The Environmental Protection Agency said Wednesday night it is evaluating Superfund toxic waste sites in South Florida. The agency says it will alert local officials if effects of the hurricane will pose an immediate danger to people living nearby, and will order operators of the sites to take steps to secure hazardous materials.
Rain from Irma began hitting parts of the U.S. Virgin Islands and Puerto Rico early Wednesday, the National Weather Service office in San Juan reports.
The eye of the hurricane has passed over several islands Wednesday morning, slamming Barbuda and St. Martin.
The prime minister of Antigua and Barbuda returned from a flight over Barbuda talking about "absolute devastation."
A massive storm surge could bring perilous flooding and destructive waves, with a surge of 15 to 20 feet predicted for the Turks and Caicos and southeastern Bahamas. Northern Leeward Islands could see a surge of 7 to 11 feet, the hurricane center says.
The chance that Irma will make a direct impact on Florida "continues to increase," the National Weather Service says, adding that it's too early to specify the timing and magnitude.
In Key West, Fla., visitors were told to leave on Wednesday, under mandatory evacuation orders that took effect at 7 a.m. ET. For residents and business owners, the county's mandatory evacuation order takes effect at 7 p.m.
NPR's Hansi Lo Wang reports that Miami-Dade County Mayor Carlos Giménez is encouraging visitors to leave as soon as possible if they aren't planning to stay through the storm. All public schools in the Miami-Dade County area are closed on Thursday and Friday. Scott has also activated 1,000 Florida National Guard members.
With a tightly defined eye, high maximum winds and gusts of up to 195 knots — or 225 mph — Irma has left weather forecasters flabbergasted.

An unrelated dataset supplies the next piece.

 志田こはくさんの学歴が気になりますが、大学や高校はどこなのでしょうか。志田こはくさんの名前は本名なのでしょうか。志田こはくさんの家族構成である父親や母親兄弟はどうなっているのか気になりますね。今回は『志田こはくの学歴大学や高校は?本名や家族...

"I am at a complete and utter loss for words looking at Irma's appearance on satellite imagery," NHC scientist Taylor Trogdon said Tuesday night, reacting to images of the storm's tight and powerful spiral.
Irma is expected to remain a major hurricane for at least five days, including when it makes a predicted landfall on Florida and the U.S. mainland this weekend. According to some forecast models, Irma looks set to make landfall, then make an abrupt turn north, skirting the eastern coast of the state. But forecasters stress that the expected path could shift in the coming days.

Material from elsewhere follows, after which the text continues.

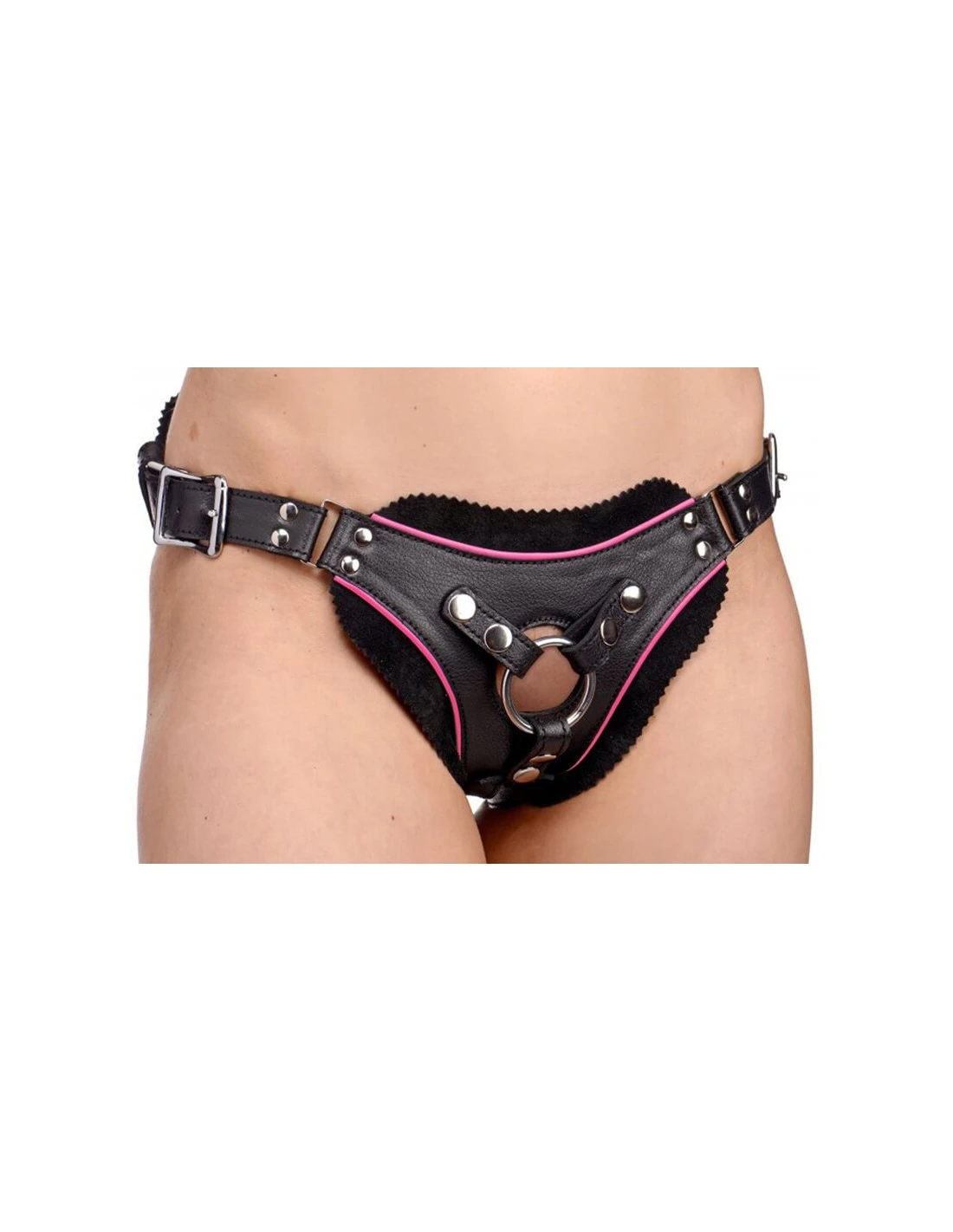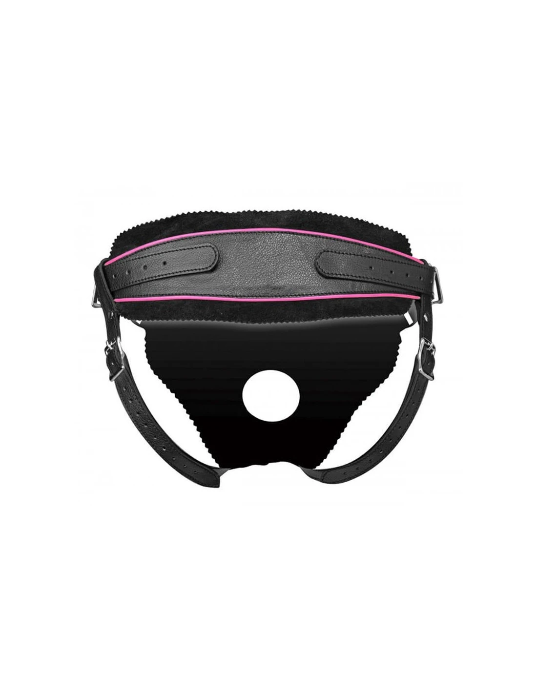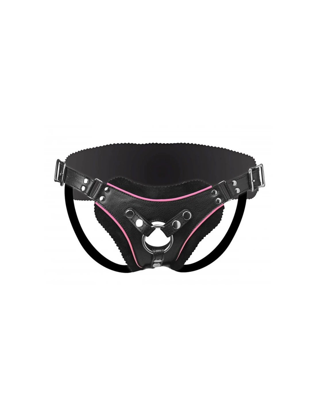 Dit strap-on harnas, dat geschikt is voor veganisten, is voorzien van leuke roze accenten en is laag uitgesneden, zodat je de aandacht trekt en alle ogen op jou gericht zullen blijven.

With maximum sustained winds of 185 mph, Irma is a Category 5 — the most serious type of major hurricane on the Saffir-Simpson wind scale.
Describing the kind of destruction a Category 5 storm can cause, the National Hurricane Center says, "A high percentage of framed homes will be destroyed, with total roof failure and wall collapse." The agency adds, "Most of the area will be uninhabitable for weeks or months."
Hurricane Jose, which was upgraded Wednesday after becoming a named storm the previous day, is trailing Irma's path in the Atlantic, moving toward the Caribbean. But Jose's track is predicted to veer north earlier than Irma's, glancing off the Leeward Islands and potentially sending it over the open sea. There are no watches or warnings currently associated with the storm.
There also is a third named storm being tracked in the area, after Tropical Storm Katia formed inside the Gulf of Mexico. The storm off of the southern Mexican state of Veracruz has 40-mph winds.